Restate the listing below word for word, pictures excluded.

» Data extract
============================================================
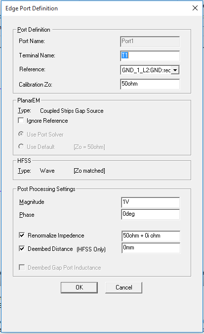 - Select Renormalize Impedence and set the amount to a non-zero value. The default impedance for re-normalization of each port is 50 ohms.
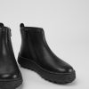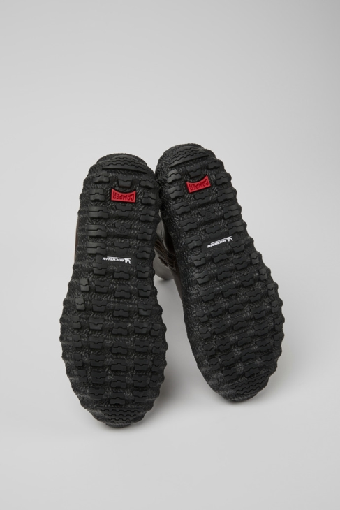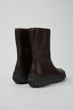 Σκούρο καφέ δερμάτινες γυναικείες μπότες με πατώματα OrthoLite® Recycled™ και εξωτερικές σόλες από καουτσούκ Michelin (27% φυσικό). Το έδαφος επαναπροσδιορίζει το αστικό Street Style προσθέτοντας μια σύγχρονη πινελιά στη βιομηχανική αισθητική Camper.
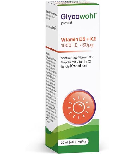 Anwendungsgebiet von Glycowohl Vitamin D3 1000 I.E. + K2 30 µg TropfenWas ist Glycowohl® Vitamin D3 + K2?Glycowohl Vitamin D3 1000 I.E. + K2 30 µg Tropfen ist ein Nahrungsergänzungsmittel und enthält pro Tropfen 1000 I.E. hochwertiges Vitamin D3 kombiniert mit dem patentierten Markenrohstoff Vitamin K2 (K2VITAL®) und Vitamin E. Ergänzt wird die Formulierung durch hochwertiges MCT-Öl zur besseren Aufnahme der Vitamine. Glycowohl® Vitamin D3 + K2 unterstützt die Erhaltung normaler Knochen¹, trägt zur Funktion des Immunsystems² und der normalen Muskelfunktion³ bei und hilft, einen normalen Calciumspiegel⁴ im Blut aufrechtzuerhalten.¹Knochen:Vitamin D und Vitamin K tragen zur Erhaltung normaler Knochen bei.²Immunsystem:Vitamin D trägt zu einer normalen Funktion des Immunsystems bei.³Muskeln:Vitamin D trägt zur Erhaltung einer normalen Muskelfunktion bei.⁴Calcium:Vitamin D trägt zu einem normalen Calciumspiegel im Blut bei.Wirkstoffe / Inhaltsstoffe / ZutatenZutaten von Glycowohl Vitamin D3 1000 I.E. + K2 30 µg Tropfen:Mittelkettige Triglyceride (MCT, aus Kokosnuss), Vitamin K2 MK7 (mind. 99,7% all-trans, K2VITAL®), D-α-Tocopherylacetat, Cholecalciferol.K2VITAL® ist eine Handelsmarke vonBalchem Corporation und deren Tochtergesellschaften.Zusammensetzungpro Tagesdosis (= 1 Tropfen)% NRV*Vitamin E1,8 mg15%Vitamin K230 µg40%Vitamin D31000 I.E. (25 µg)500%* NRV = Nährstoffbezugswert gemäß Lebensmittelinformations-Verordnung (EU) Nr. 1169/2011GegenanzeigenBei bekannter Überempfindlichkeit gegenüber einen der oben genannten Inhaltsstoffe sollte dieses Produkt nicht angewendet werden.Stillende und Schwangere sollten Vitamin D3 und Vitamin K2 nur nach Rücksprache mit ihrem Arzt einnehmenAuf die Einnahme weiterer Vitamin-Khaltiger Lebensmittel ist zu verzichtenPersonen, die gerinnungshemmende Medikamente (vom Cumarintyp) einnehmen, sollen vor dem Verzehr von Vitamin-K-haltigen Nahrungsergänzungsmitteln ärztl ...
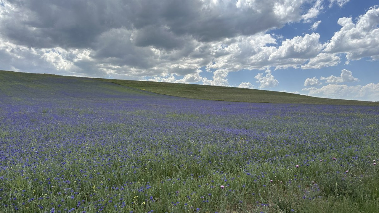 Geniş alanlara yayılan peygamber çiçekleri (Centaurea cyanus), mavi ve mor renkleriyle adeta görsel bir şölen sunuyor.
============================================================
» Answer
 - Select Renormalize Impedence and set the amount to a non-zero value. The default impedance for re-normalization of each port is 50 ohms.
 Σκούρο καφέ δερμάτινες γυναικείες μπότες με πατώματα OrthoLite® Recycled™ και εξωτερικές σόλες από καουτσούκ Michelin (27% φυσικό). Το έδαφος επαναπροσδιορίζει το αστικό Street Style προσθέτοντας μια σύγχρονη πινελιά στη βιομηχανική αισθητική Camper.
 Anwendungsgebiet von Glycowohl Vitamin D3 1000 I.E. + K2 30 µg TropfenWas ist Glycowohl® Vitamin D3 + K2?Glycowohl Vitamin D3 1000 I.E. + K2 30 µg Tropfen ist ein Nahrungsergänzungsmittel und enthält pro Tropfen 1000 I.E. hochwertiges Vitamin D3 kombiniert mit dem patentierten Markenrohstoff Vitamin K2 (K2VITAL®) und Vitamin E. Ergänzt wird die Formulierung durch hochwertiges MCT-Öl zur besseren Aufnahme der Vitamine. Glycowohl® Vitamin D3 + K2 unterstützt die Erhaltung normaler Knochen¹, trägt zur Funktion des Immunsystems² und der normalen Muskelfunktion³ bei und hilft, einen normalen Calciumspiegel⁴ im Blut aufrechtzuerhalten.¹Knochen:Vitamin D und Vitamin K tragen zur Erhaltung normaler Knochen bei.²Immunsystem:Vitamin D trägt zu einer normalen Funktion des Immunsystems bei.³Muskeln:Vitamin D trägt zur Erhaltung einer normalen Muskelfunktion bei.⁴Calcium:Vitamin D trägt zu einem normalen Calciumspiegel im Blut bei.Wirkstoffe / Inhaltsstoffe / ZutatenZutaten von Glycowohl Vitamin D3 1000 I.E. + K2 30 µg Tropfen:Mittelkettige Triglyceride (MCT, aus Kokosnuss), Vitamin K2 MK7 (mind. 99,7% all-trans, K2VITAL®), D-α-Tocopherylacetat, Cholecalciferol.K2VITAL® ist eine Handelsmarke vonBalchem Corporation und deren Tochtergesellschaften.Zusammensetzungpro Tagesdosis (= 1 Tropfen)% NRV*Vitamin E1,8 mg15%Vitamin K230 µg40%Vitamin D31000 I.E. (25 µg)500%* NRV = Nährstoffbezugswert gemäß Lebensmittelinformations-Verordnung (EU) Nr. 1169/2011GegenanzeigenBei bekannter Überempfindlichkeit gegenüber einen der oben genannten Inhaltsstoffe sollte dieses Produkt nicht angewendet werden.Stillende und Schwangere sollten Vitamin D3 und Vitamin K2 nur nach Rücksprache mit ihrem Arzt einnehmenAuf die Einnahme weiterer Vitamin-Khaltiger Lebensmittel ist zu verzichtenPersonen, die gerinnungshemmende Medikamente (vom Cumarintyp) einnehmen, sollen vor dem Verzehr von Vitamin-K-haltigen Nahrungsergänzungsmitteln ärztl ...
 Geniş alanlara yayılan peygamber çiçekleri (Centaurea cyanus), mavi ve mor renkleriyle adeta görsel bir şölen sunuyor.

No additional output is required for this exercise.